* Exercise goal *
Output the line that contains "Watch Design Feature:Men" together with each line after it, through the final line of the listing below, word for word; omit pictures.

***** Data below

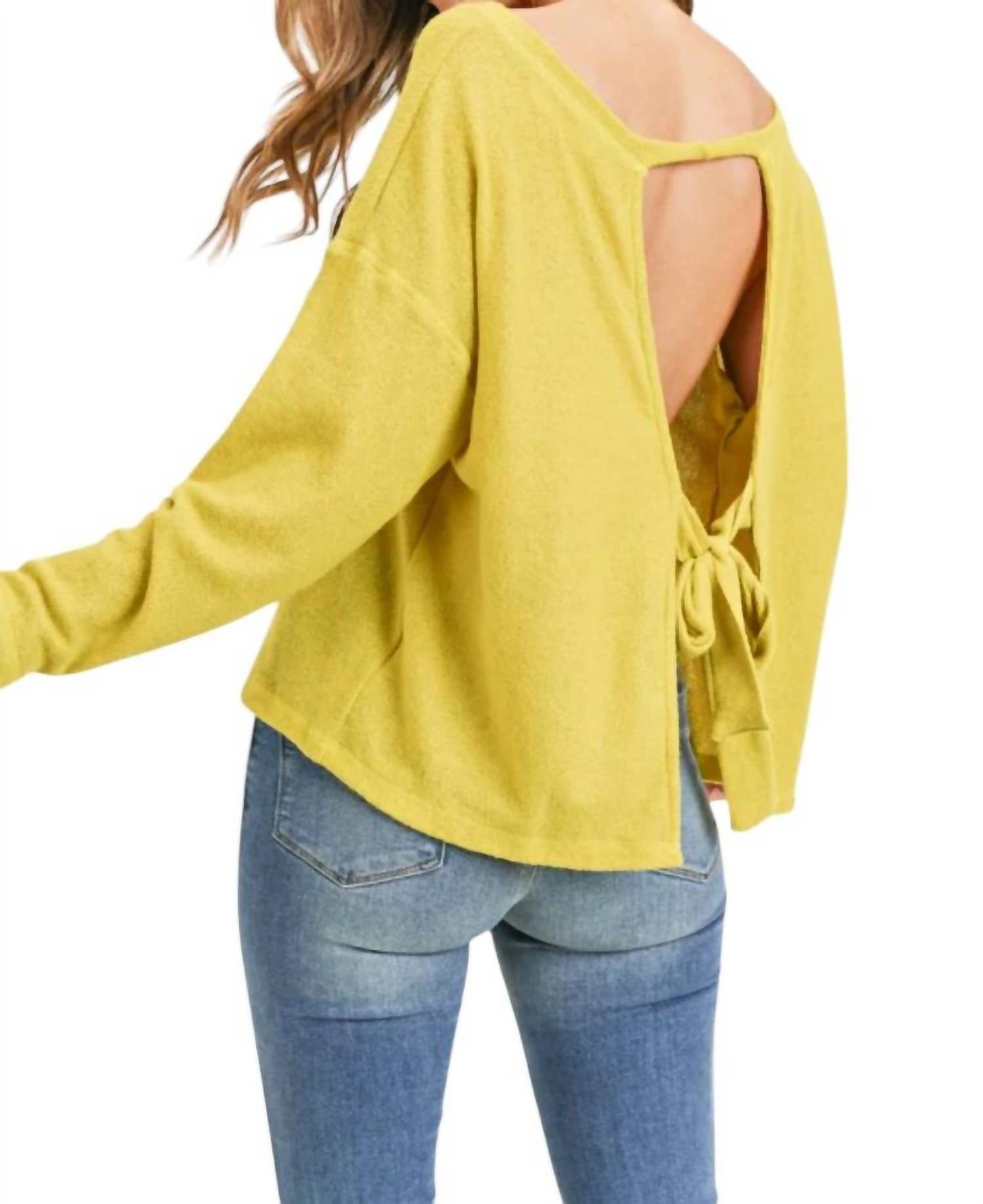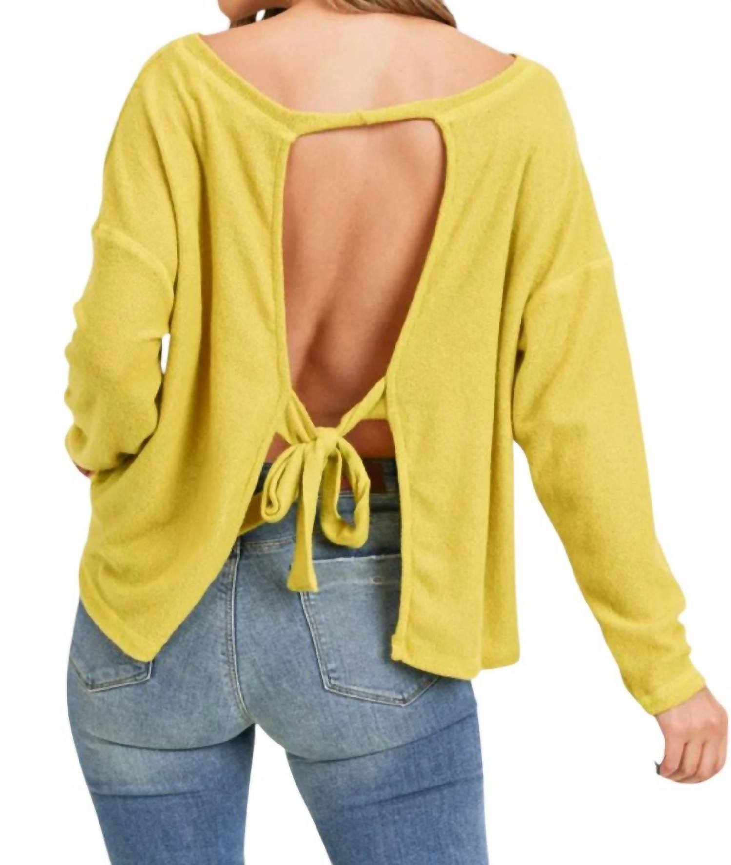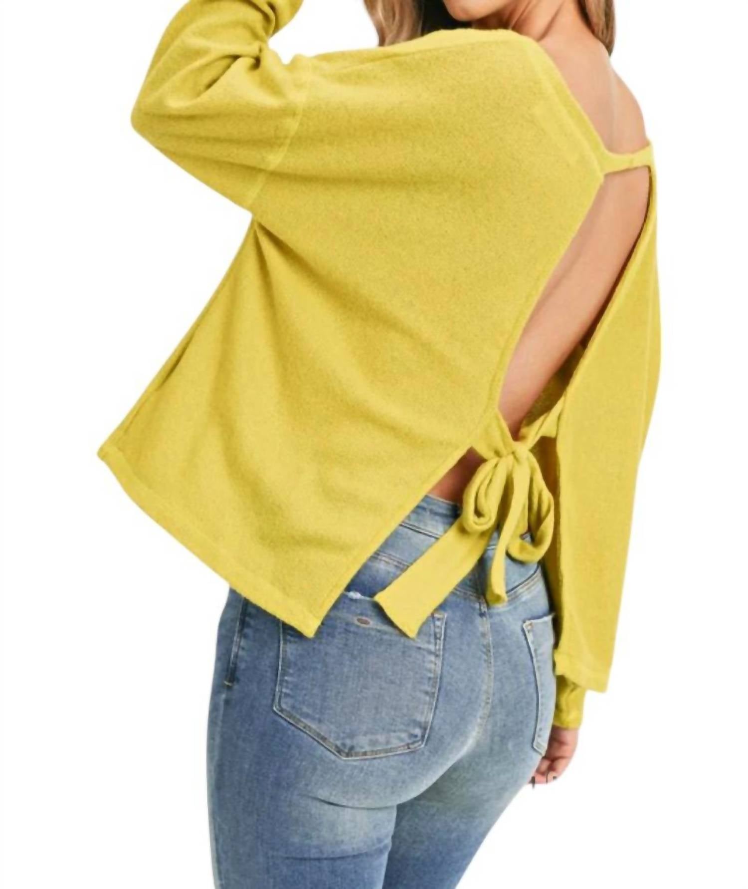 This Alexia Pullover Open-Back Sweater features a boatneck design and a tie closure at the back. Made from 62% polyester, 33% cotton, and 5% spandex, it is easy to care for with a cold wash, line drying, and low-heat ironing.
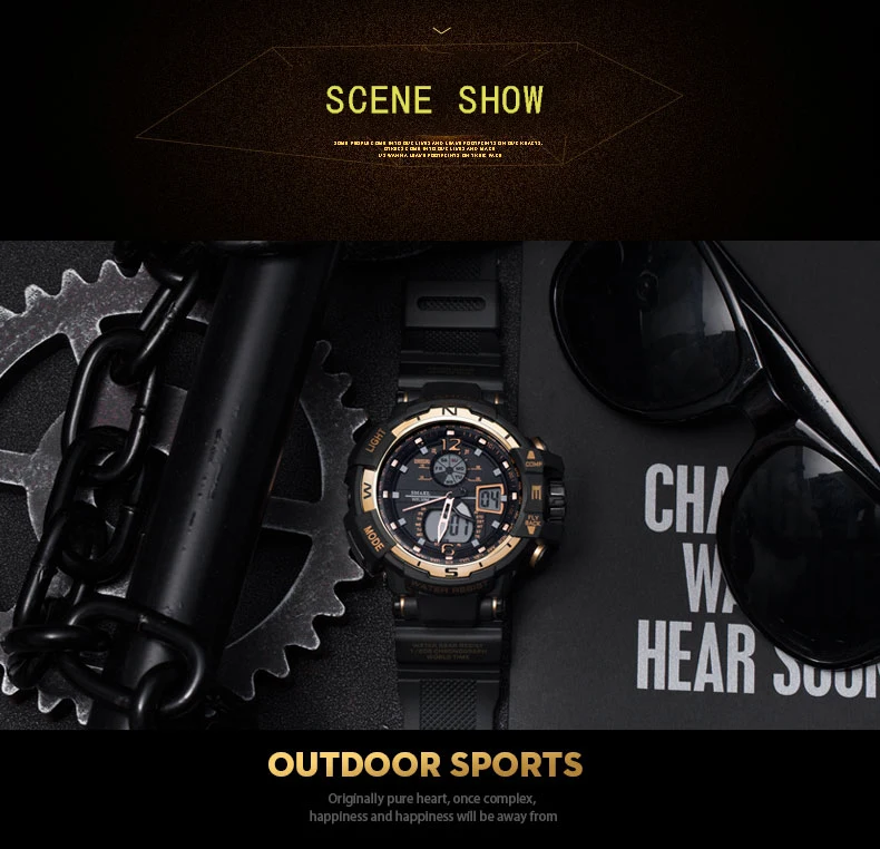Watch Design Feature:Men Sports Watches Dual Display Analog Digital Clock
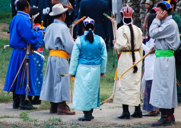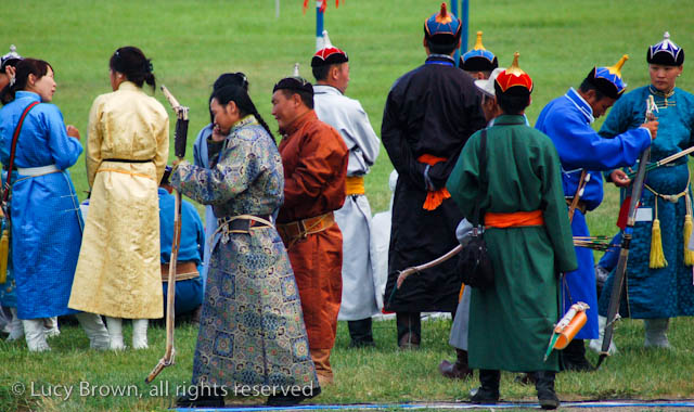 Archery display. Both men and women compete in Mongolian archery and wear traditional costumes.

**********

* Exercise response *
Watch Design Feature:Men Sports Watches Dual Display Analog Digital Clock
 Archery display. Both men and women compete in Mongolian archery and wear traditional costumes.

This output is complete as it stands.